Алетейя, в отличие от атрекейи, предполагает в говорящем некоторую решимость, сосредоточенность и мнемоническое усилие, а значит – личную заинтересованность и озабоченность результатом, который может состоять как в том эффекте, который говорящий произведет на других, так и в том, что сам он останется верен себе (ср. повторяющиеся фразы «вспомните вашу доблесть», «я (мы) забыли свою доблесть» [μνήσασθε… ἀλκῆς, λελάσμεθα/λελασμένον… ἀλκῆς, ἀλκῆς… λάθωμαι], в которых схожая озабоченность либо, напротив, беззаботность увязывается с отсутствием либо наличием леты). Боги, как правило, выше (или ниже) таких забот, поскольку, имея дело с людьми, они полностью уверены в своем успехе и непререкаемости. Поэтому и те высказывания богов, которые относятся к их взаимодействию с людьми, будь то напрямую или через прорицателей, никогда не описываются как alêthês[56]56
  Ср. [Snell 1975: 15]: «Bei Homer… wurde ἀληθές nie auf übermenschliche Wahrheit angewandt». Под это обобщение не подпадают, конечно, высказывания богов в обличье людей (Гомеровский гимн к Деметре 121) или при общении друг с другом (там же 433 [исчерпывающе подробное изложение Персефоной всех тягостных подробностей ее похищения]) и, вероятно, Теогония 233–236 [см. выше, с. 92], в которых themistes ‘прорицания’ Hерея, по всей видимости, обращены к богам, а не к людям).


[Закрыть]
. (Ср. два выражения, приведенные выше, с. 98, γέρων ἅλιος νημερτής и γυνὴ χερνῆτις ἀληθής, в которых переданы контрастные образы божественной непогрешимости и человеческой подотчетности).

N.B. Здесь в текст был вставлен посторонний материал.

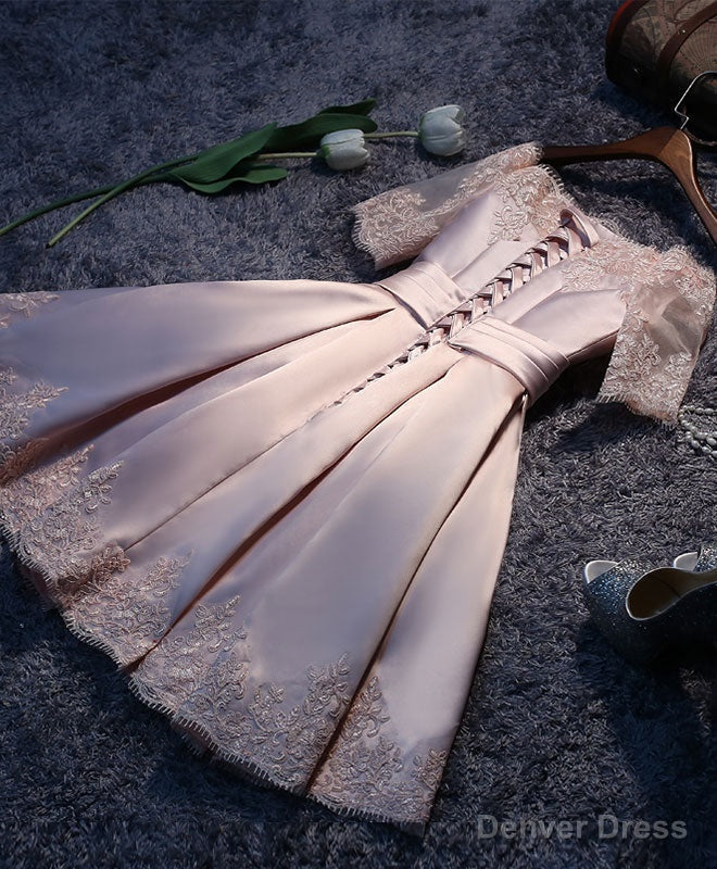 Pink A Line Satin Lace Short Prom Dress, Pink Homecoming Dress
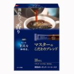 AGF ちょっと贅沢な珈琲店 スティックブラック マスターのこだわりブレンドは、18本入りのスティックコーヒーです。豊かな風味と深いコクが特徴で、手軽に本格的な味わいを楽しめます。インスタントコーヒーとしてもこだわりの一杯を実現。
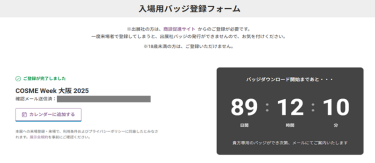 ご登録後に届く「COSME Week 大阪 2025 の来場登録が完了しました」というタイトルのメールを保管いただき 、メール本文にある”バッジをダウンロードする”をダウンロード可能日以降に押すとバッジが表示されるようになります。
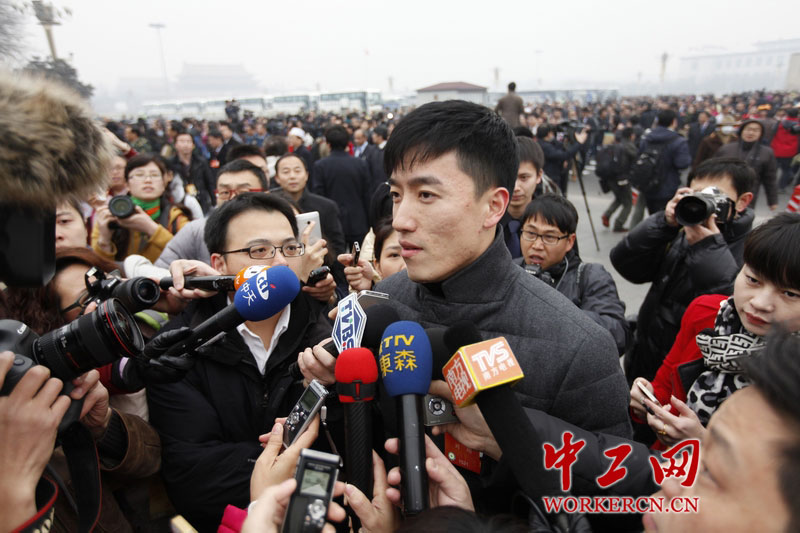 3月3日,中国人民政治协商会议第十二届全国委员会第二次会议在北京人民大会堂开幕。图为全国政协委员刘翔步入会场。 中工网记者 韩靖摄
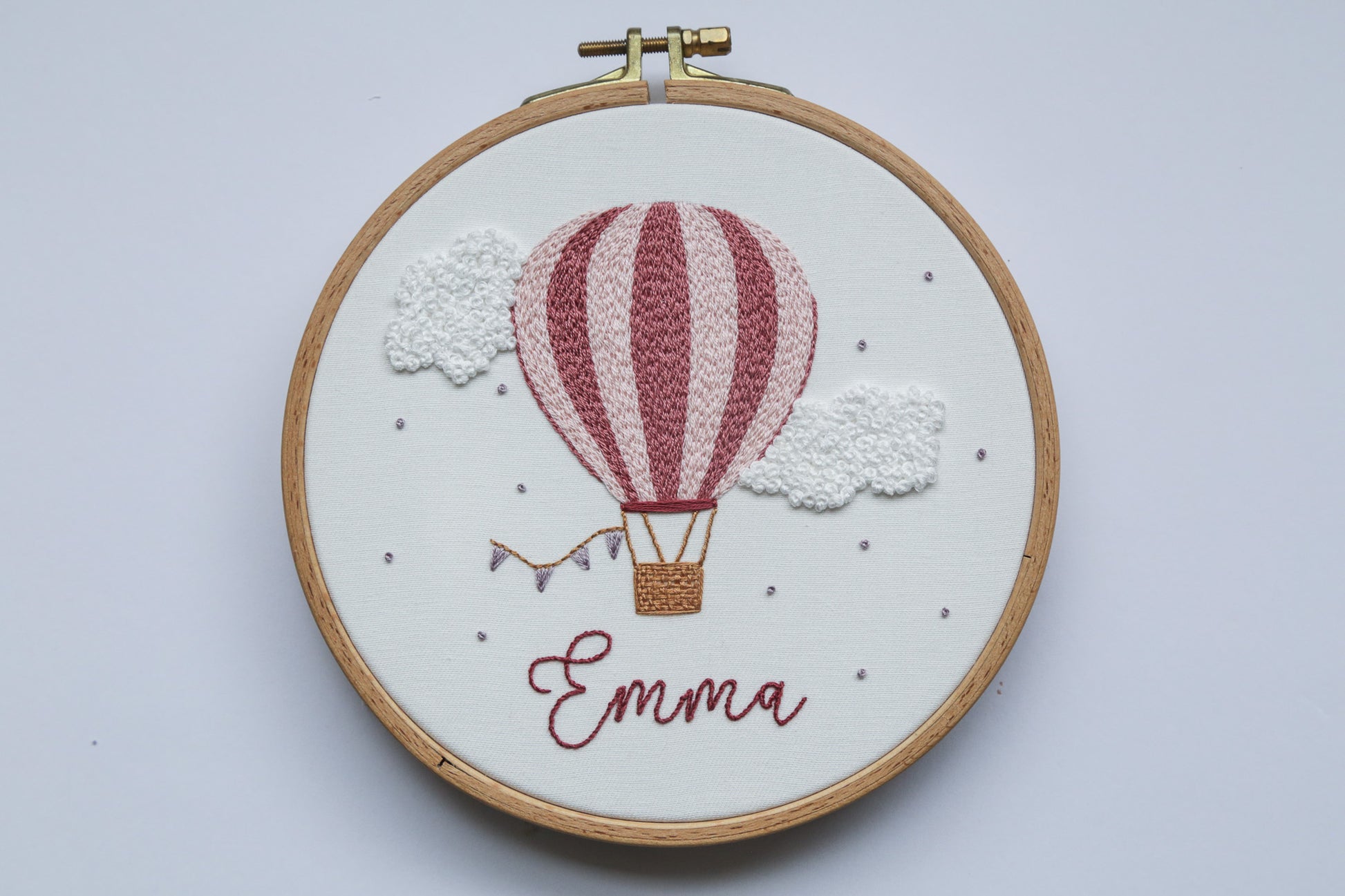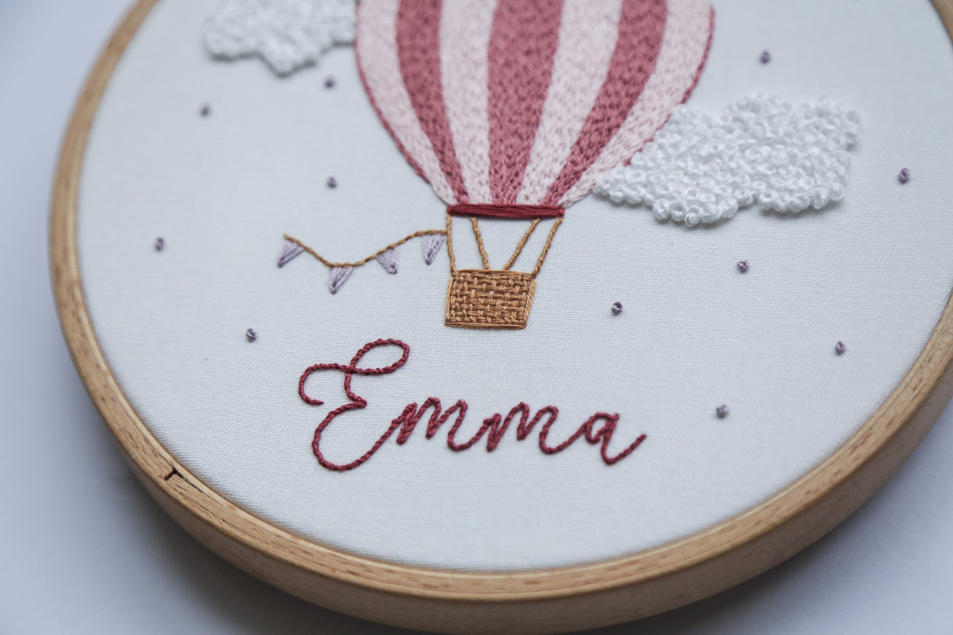 Custom name pink hot air balloon in round hoop
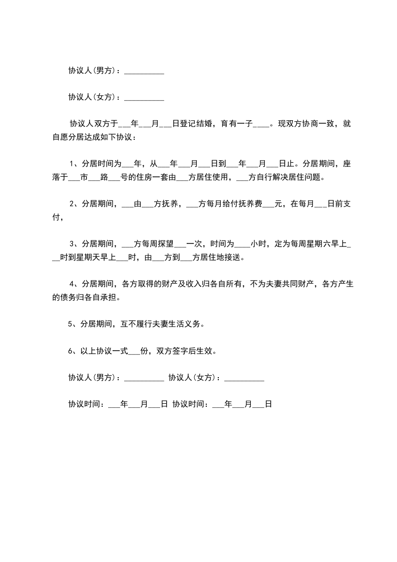 协议人双方于_____年_____月_____日在婚姻登记处办理结婚登记手续。___________年___________月___________日生育子女。现双方就分居一事达成如下协议:
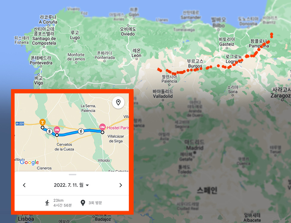 이런 태도가 괘씸했던 걸까. 까미노는 오늘 화가 잔뜩 난 모양이다. 내 눈을 의심할 수 밖에 없었다. ‘다음 마을까지 18km’. 보통 오 킬로미터마다 마을이 하나씩 있기 마련이다. 길어도 십 킬로미터 정도. 그러나 십팔 킬로미터란 지금 이 알베르게에서 무려 네 시간이나 쉬지 않고 걸어야 하는 거리다. 어제 그 사실도 모른 채 마을 딱 한 개만 더 가겠다고 떠난 S가 고통스런 전언을 남겼다.
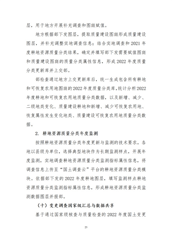 2023年6月15日前,部組織完成2022年度變更調(diào)查最終數(shù)據(jù)庫質(zhì)檢、更新入庫及數(shù)據(jù)匯總分析工作。同時,下發(fā)2022年度耕地資源質(zhì)量分類更新涉及的相關(guān)圖層。
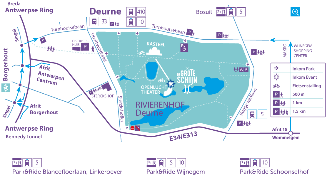 Bezoekers met een parkeerkaart voor personen met een handicap kunnen parkeren achter het domeinwachtersgebouw (inrit via de Turnhoutsebaan 246) en op de voorbehouden parkingplaats op Parking Oost (inrit via de Ruggeveldlaan).
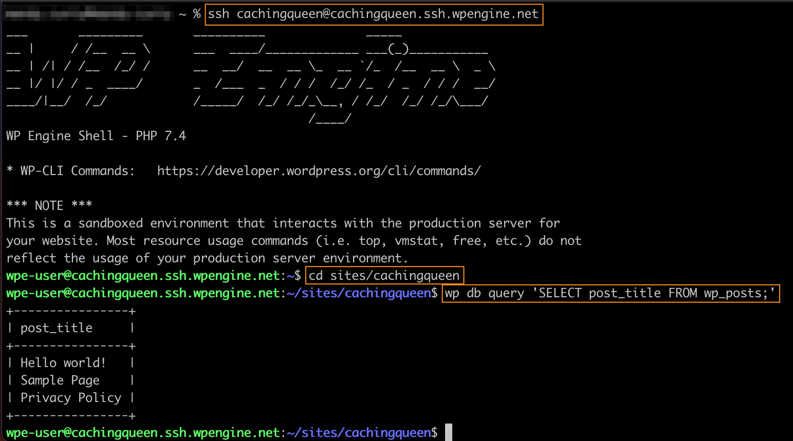 SSH Gateway is secure shell access which allows a user to run wp db query without allowlisting any IPs or using any additional MySQL programs. The wp db query command is part of the open source WordPress® software package, and allows the running of a SQL query against the database information supplied in the wp-config.php file.1
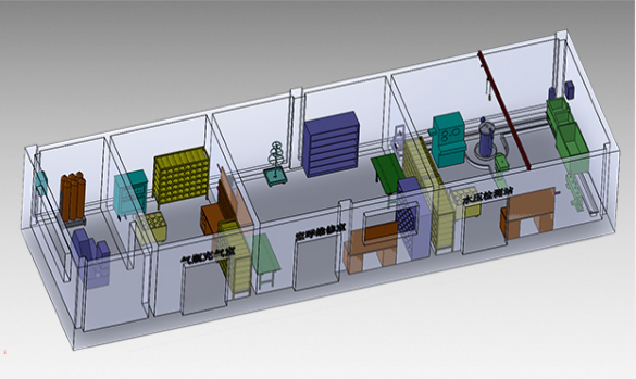 兩室一站組成:氣瓶充氣室、空氣呼吸器維修室、氣瓶水壓檢測站。
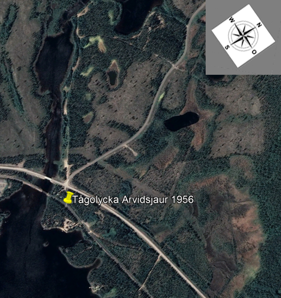 Akkavare and Arvidsjaur. The collision occurred at the red X, near

Хотя характерное семантическое поле alêthês нагляднее всего рассматривать в противопоставлении с аtrekês, эти слова схожи в том отношении, что ни одно, ни другое не может быть использовано для подтверждения авторитета говорящего либо для того, чтобы подвергнуть сомнению только что сказанное другим. На основании собственных данных можно знать о том, что то или иное высказывание является etymos, даже «точно» истинным (ср. использование nêmertês в Илиаде 3.204 и в Одиссее 17.549 и 17.556), однако оценка атрекейи или алетейи высказывания более развернутого, нежели краткое объявление об актуальном в данный момент намерении (как в Одиссее 18.342, см. выше, с. 95), предполагает владение всей передаваемой информацией, что в обычной ситуации исключает необходимость и желание это высказывание выслушивать. Более тонкие ограничения обнаруживаются, когда под вопросом оказываются вероятность или правдоподобие того или иного высказывания. Одиссей – мастер говорить pseudea (‘ложные вещи’), которые etymoisi homoia (‘подобны истинным вещам’, 19.203), то есть вещи, которые опознаются как случающиеся в действительности и поэтому (как можно предположить) легко вызывают доверие. Однако в случае высказываний, которые при разных обстоятельствах и в устах разных людей оказываются ‘точными’, ‘неотклоняющимися от сути дела‘, ‘четкими и рачительными’, такое опознание не может быть обеспечено повторяемостью. Утверждение Евмея, что собеседники Пенелопы не желают говорить alêthea (см. выше, с. 93), – это скорее объяснение того, почему эти рассказы всегда в конечном итоге оказываются ложными, нежели непосредственная реакция на них. Более того, Евмей сам убежден в лживости этих рассказов по другим причинам – потому ли, что ни за одним из них ничего не следует, потому ли, что все они полагают скорым и неизбежным событие – возвращение Одиссея, – которое, согласно твердому мнению Евмея, не произойдет никогда (ср. 14.363–368).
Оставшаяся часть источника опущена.